Como respuesta, la madre le escupió en la cara. En otra ocasión, en que ella tenía cinco años de edad, la madre la sacó al jardín para que durmiera con los perros; agregó que era frecuente que “la congelara”, es decir, no le dirigía la palabra durante semanas hasta que Diana tenía que disculparse, aunque no fuera culpable. El relato era una réplica exacta de mi sentir, solo que ahora ella era la madre y yo era Diana.

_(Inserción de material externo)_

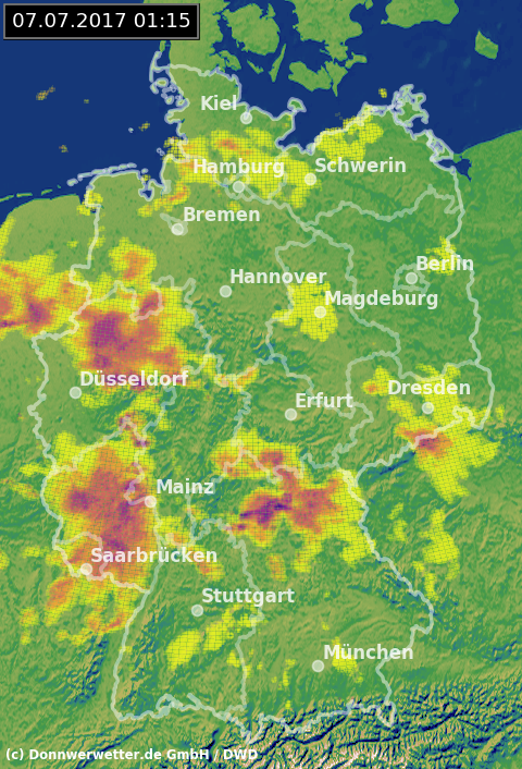 Das Radarbild zeigt aktuell im Westen und in der Mitte gebietsweise kräftige Gewittersignale, die langsam nach Osten ziehen. Im Nordosten und Südosten ist der Himmel teils noch sternenklar.

La relación con esta paciente me demandó estar permanentemente atenta a mi registro contratransferencial. En ocasiones, quería negar la frustración y el odio que me hacía sentir, estaba consciente que, si me privaba a mí misma de ese sentimiento, estaba privando a Diana del uso de la expresión de este. Winnicott (1947) nos recuerda que para el paciente es indispensable que el analista pueda odiar, ya que solo así él podrá tolerar su propio odio. A mi mente venía el siguiente párrafo de Winnicott:
Existe una inmensa diferencia entre los pacientes que han vivido experiencias satisfactorias en la primera infancia, experiencias que puedan descubrirse en la transferencia, y aquellos otros pacientes cuyas experiencias han sido tan deficientes o deformadas que el analista tiene que ser la primera persona en la vida del paciente que aporte ciertos puntos esenciales de tipo ambiental. (1947, p. 273)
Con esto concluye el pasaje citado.